- **Problem statement**: Give back the whole listing exactly as written, leaving out each picture.

- **Data records**:
◆ ◆ ◆ ◆ ◆ ◆ ◆

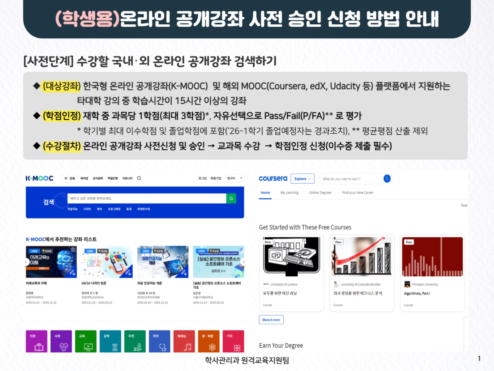 2026-1학기 온라인 공개강좌 학점인정과 관련하여 아래와 같이 사전 승인 신청 기간을 안내합니다. 관심있는 학생분들은 아래 내용을 참고하시기 바라며, 기타 궁금한 사항은 학과사무실 문의바랍니다. 가. 대상강좌: 타대학 K-MOOC 및 해외 MOOC 강좌 중 학습시간이 15시간 이상인 강좌 나. 주요내용 - 과목당 1학점, 재학 기간 중 최대 3학점까지 자유선택 학점으로 인정 - 학기별 최대 이수학점 및 졸업학점에 포함 ※ 학기별 최대 이수학점을 초과하여 신청할 경우 불이익이 발생할 수 있으므로 유의 요망 ※ 단, ‘26-1학기 졸업예정자의 경우 학기별 최대 이수학점과 관계없이 인정하는 경과조치 적용 다. 사전신청 및 승인기간
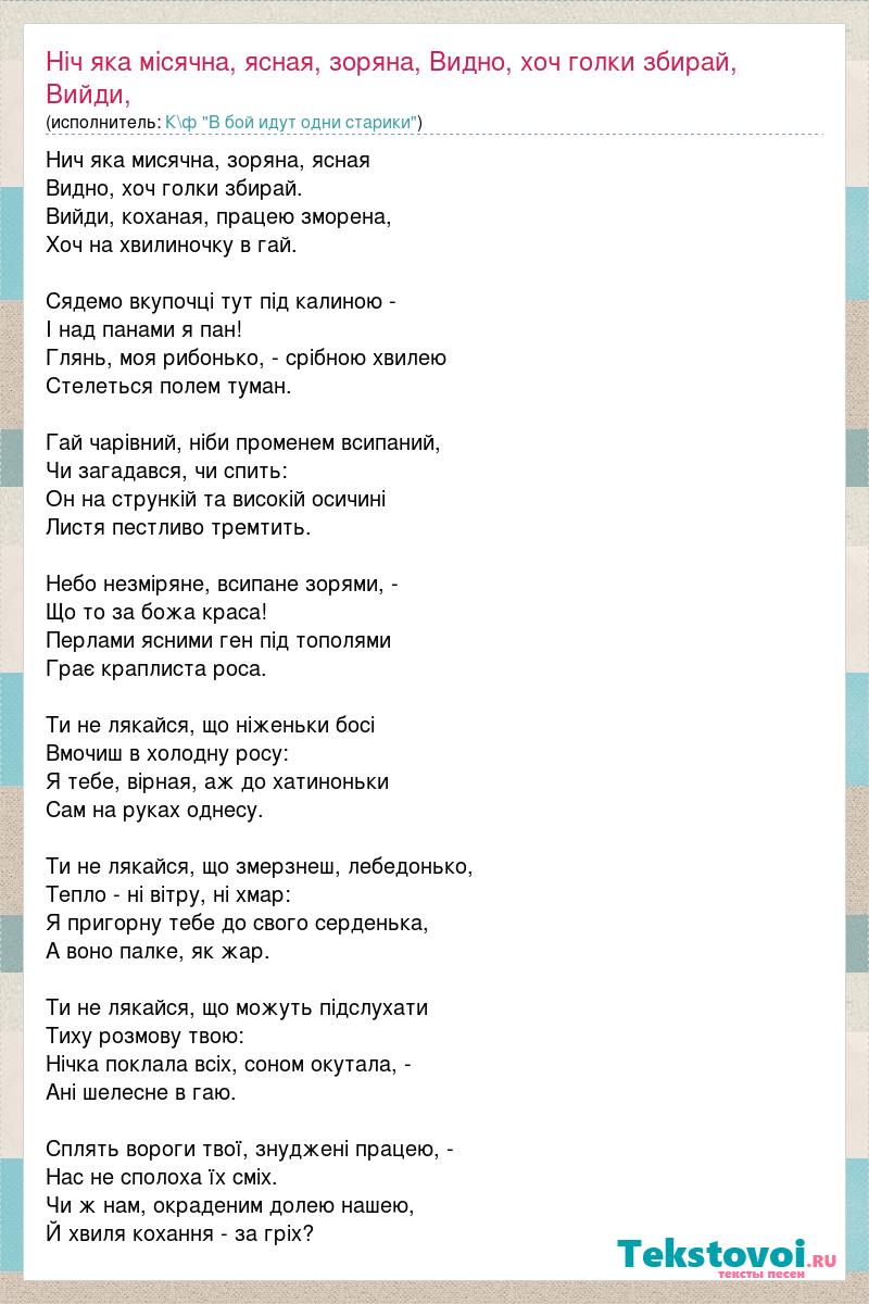 Нич яка мисячна, зоряна, ясная Видно, хоч голки збирай. Вийди, коханая, працею зморена, Хоч на хвилиночку в гай. Сядемо вкупочцi тут пiд калиною - I над панами я пан! Глянь, моя рибонько, - срiбною хвилею Стелеться полем туман. Гай чарiвний, нiби променем всипаний, Чи загадався, чи спить: Он на стрункiй та високiй осичинi Листя пестливо тремтить. Небо незмiряне, всипане зорями, - Що то за божа краса! Перлами ясними ген пiд тополями Грає краплиста роса. Ти не лякайся, що нiженьки босi Вмочиш в холодну росу: Я тебе, вiрная, аж до хатиноньки Сам на руках однесу. Ти не лякайся, що змерзнеш, лебедонько, Тепло - нi вiтру, нi хмар: Я пригорну тебе до свого серденька, А воно палке, як жар. Ти не лякайся, що можуть пiдслухати Тиху розмову твою: Нiчка поклала всiх, соном окутала, - Анi шелесне в гаю. Сплять вороги твої, знудженi працею, - Нас не сполоха їх смiх. Чи ж нам, окраденим долею нашею, Й хвиля кохання - за грiх?
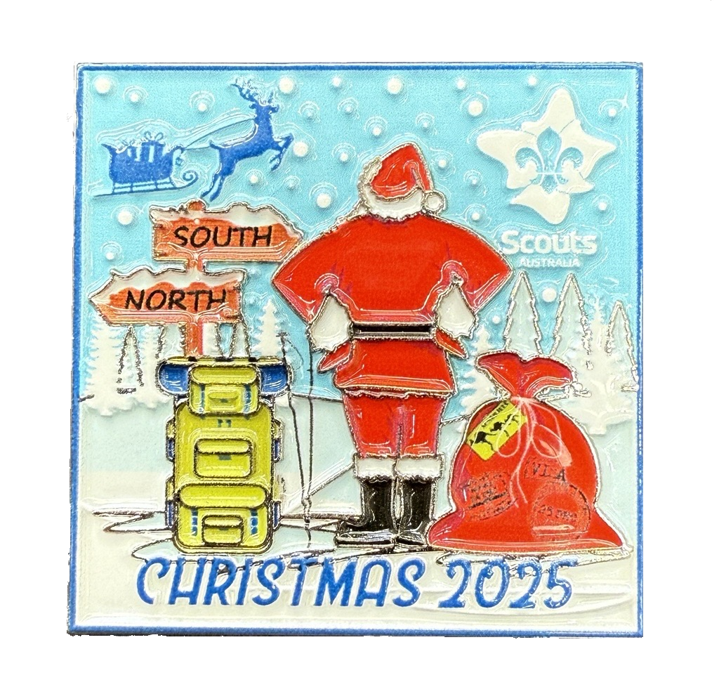 The 2025 Christmas Lapel pin is metal with full colour UV print. Great for swapping with friends, gifting or adding to your hat.
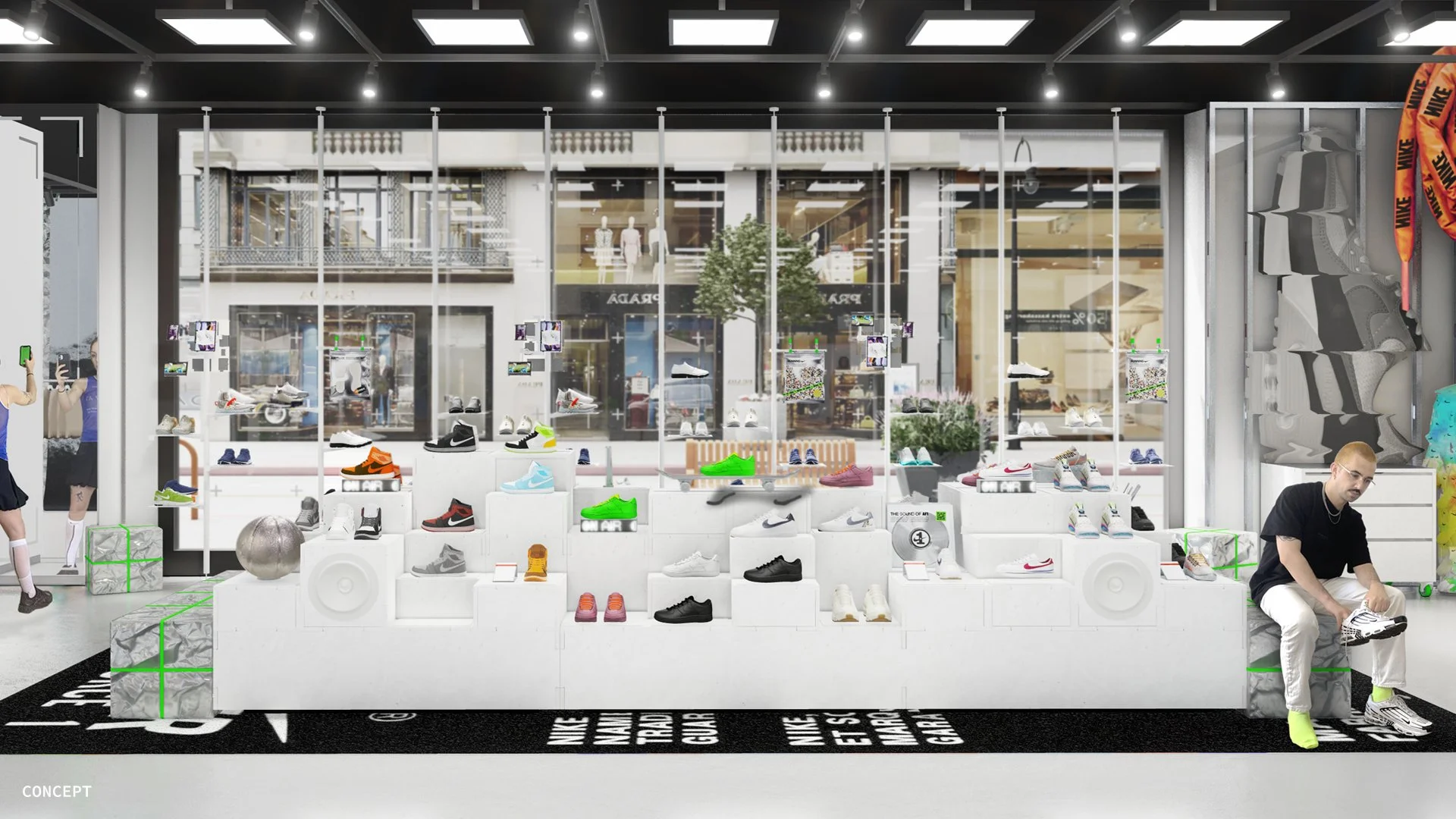 All These Wonders partnered with Nike to provide architectural studies for both exterior and interior retail experiences, including facade, windows, initiative zone, footwear experience, and cash wrap. Through quick conceptual studies, we explored issues of materiality and lighting and developed the essence of these key moments.
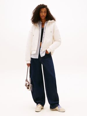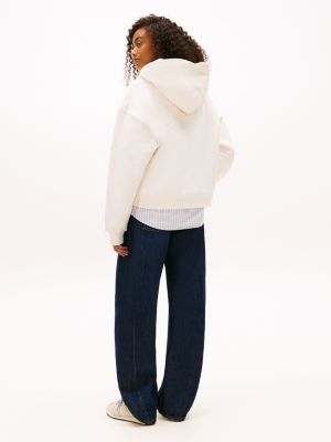 A garment-dyed finish gives this boxy zip-thru hoody a vintage vibe that's enhanced by tonal textured logos on the chest and back.

◆ ◆ ◆ ◆ ◆ ◆ ◆

- **Answer below**:
 2026-1학기 온라인 공개강좌 학점인정과 관련하여 아래와 같이 사전 승인 신청 기간을 안내합니다. 관심있는 학생분들은 아래 내용을 참고하시기 바라며, 기타 궁금한 사항은 학과사무실 문의바랍니다. 가. 대상강좌: 타대학 K-MOOC 및 해외 MOOC 강좌 중 학습시간이 15시간 이상인 강좌 나. 주요내용 - 과목당 1학점, 재학 기간 중 최대 3학점까지 자유선택 학점으로 인정 - 학기별 최대 이수학점 및 졸업학점에 포함 ※ 학기별 최대 이수학점을 초과하여 신청할 경우 불이익이 발생할 수 있으므로 유의 요망 ※ 단, ‘26-1학기 졸업예정자의 경우 학기별 최대 이수학점과 관계없이 인정하는 경과조치 적용 다. 사전신청 및 승인기간
 Нич яка мисячна, зоряна, ясная Видно, хоч голки збирай. Вийди, коханая, працею зморена, Хоч на хвилиночку в гай. Сядемо вкупочцi тут пiд калиною - I над панами я пан! Глянь, моя рибонько, - срiбною хвилею Стелеться полем туман. Гай чарiвний, нiби променем всипаний, Чи загадався, чи спить: Он на стрункiй та високiй осичинi Листя пестливо тремтить. Небо незмiряне, всипане зорями, - Що то за божа краса! Перлами ясними ген пiд тополями Грає краплиста роса. Ти не лякайся, що нiженьки босi Вмочиш в холодну росу: Я тебе, вiрная, аж до хатиноньки Сам на руках однесу. Ти не лякайся, що змерзнеш, лебедонько, Тепло - нi вiтру, нi хмар: Я пригорну тебе до свого серденька, А воно палке, як жар. Ти не лякайся, що можуть пiдслухати Тиху розмову твою: Нiчка поклала всiх, соном окутала, - Анi шелесне в гаю. Сплять вороги твої, знудженi працею, - Нас не сполоха їх смiх. Чи ж нам, окраденим долею нашею, Й хвиля кохання - за грiх?
 The 2025 Christmas Lapel pin is metal with full colour UV print. Great for swapping with friends, gifting or adding to your hat.
 All These Wonders partnered with Nike to provide architectural studies for both exterior and interior retail experiences, including facade, windows, initiative zone, footwear experience, and cash wrap. Through quick conceptual studies, we explored issues of materiality and lighting and developed the essence of these key moments.
 A garment-dyed finish gives this boxy zip-thru hoody a vintage vibe that's enhanced by tonal textured logos on the chest and back.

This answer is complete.